Assigned task :: Starting with the line that contains "應急指揮與宣教中心地震科普宣傳USB閃存盤采購結果公示" and stopping after the line that contains "اداره برگزارکننده استعلام: اداره", copy the entries below exactly. Include nothing else.

Information shown ::

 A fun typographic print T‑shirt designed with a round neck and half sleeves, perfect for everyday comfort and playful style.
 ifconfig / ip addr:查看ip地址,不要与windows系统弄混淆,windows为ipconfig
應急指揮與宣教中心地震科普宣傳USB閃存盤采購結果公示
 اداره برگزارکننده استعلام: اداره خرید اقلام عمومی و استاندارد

...

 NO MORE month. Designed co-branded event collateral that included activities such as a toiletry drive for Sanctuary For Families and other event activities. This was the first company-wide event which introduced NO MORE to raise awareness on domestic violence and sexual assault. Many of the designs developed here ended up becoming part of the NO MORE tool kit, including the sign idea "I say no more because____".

Written reply ::
應急指揮與宣教中心地震科普宣傳USB閃存盤采購結果公示
 اداره برگزارکننده استعلام: اداره خرید اقلام عمومی و استاندارد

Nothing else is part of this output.